Re: 6.12-rc1: Lockdep regression bissected (virtio-net/console/scheduler)

From: Pavel Begunkov
Date: Wed Oct 09 2024 - 12:07:15 EST


On 10/8/24 16:18, John Ogness wrote:
On 2024-10-04, Petr Mladek <pmladek@xxxxxxxx> wrote:
On Fri 2024-10-04 02:08:52, Breno Leitao wrote:
=====================================================
WARNING: HARDIRQ-safe -> HARDIRQ-unsafe lock order detected
6.12.0-rc1-kbuilder-virtme-00033-gd4ac164bde7a #50 Not tainted
-----------------------------------------------------
swapper/0/1 [HC0[0]:SC0[0]:HE0:SE1] is trying to acquire:
ff1100010a260518 (_xmit_ETHER#2){+.-.}-{2:2}, at: virtnet_poll_tx (./include/linux/netdevice.h:4361 drivers/net/virtio_net.c:2969)

and this task is already holding:
ffffffff86f2b5b8 (target_list_lock){....}-{2:2}, at: write_ext_msg (drivers/net/netconsole.c:?)
which would create a new lock dependency:
(target_list_lock){....}-{2:2} -> (_xmit_ETHER#2){+.-.}-{2:2}

but this new dependency connects a HARDIRQ-irq-safe lock:
(console_owner){-...}-{0:0}

...

to a HARDIRQ-irq-unsafe lock:
(_xmit_ETHER#2){+.-.}-{2:2}

...

other info that might help us debug this:

Chain exists of:
console_owner --> target_list_lock --> _xmit_ETHER#2

Possible interrupt unsafe locking scenario:

CPU0 CPU1
---- ----
lock(_xmit_ETHER#2);
local_irq_disable();
lock(console_owner);
lock(target_list_lock);
<Interrupt>
lock(console_owner);

I can trigger this lockdep splat on v6.11 as well.

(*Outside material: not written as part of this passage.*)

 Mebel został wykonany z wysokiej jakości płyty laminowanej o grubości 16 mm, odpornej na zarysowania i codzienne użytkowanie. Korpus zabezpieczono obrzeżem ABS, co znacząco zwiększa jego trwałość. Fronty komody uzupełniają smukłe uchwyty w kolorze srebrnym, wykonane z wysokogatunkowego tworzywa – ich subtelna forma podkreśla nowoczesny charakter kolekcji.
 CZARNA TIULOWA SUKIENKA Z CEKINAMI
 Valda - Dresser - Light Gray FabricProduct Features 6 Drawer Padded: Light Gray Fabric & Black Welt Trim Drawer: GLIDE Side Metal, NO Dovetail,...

It only requires a printk() call within any interrupt handler, sometime
after the netconsole is initialized and has had at least one run from
softirq context.

My understanding is that the fix is to always take "_xmit_ETHER#2"
lock with interrupts disabled.

That seems to be one possible solution. But maybe there is reasoning why
that should not be done. (??) Right now it is clearly a spinlock that is

It's expensive, and it's a hot path if I understand correctly which
lock that is. And, IIRC the driver might spend there some time, it's
always nicer to keep irqs enabled if possible.

being taken from both interrupt and softirq contexts and does not
disable interrupts.

It rather seems the xmit lock is bh protected, but printk is a one
off case taking it with irqs disabled. I wonder if the printk side
could help with that, e.g. offloading sending from hardirq to softirq?

I will check if there is some previous kernel release where this problem
does not exist.

--
Pavel Begunkov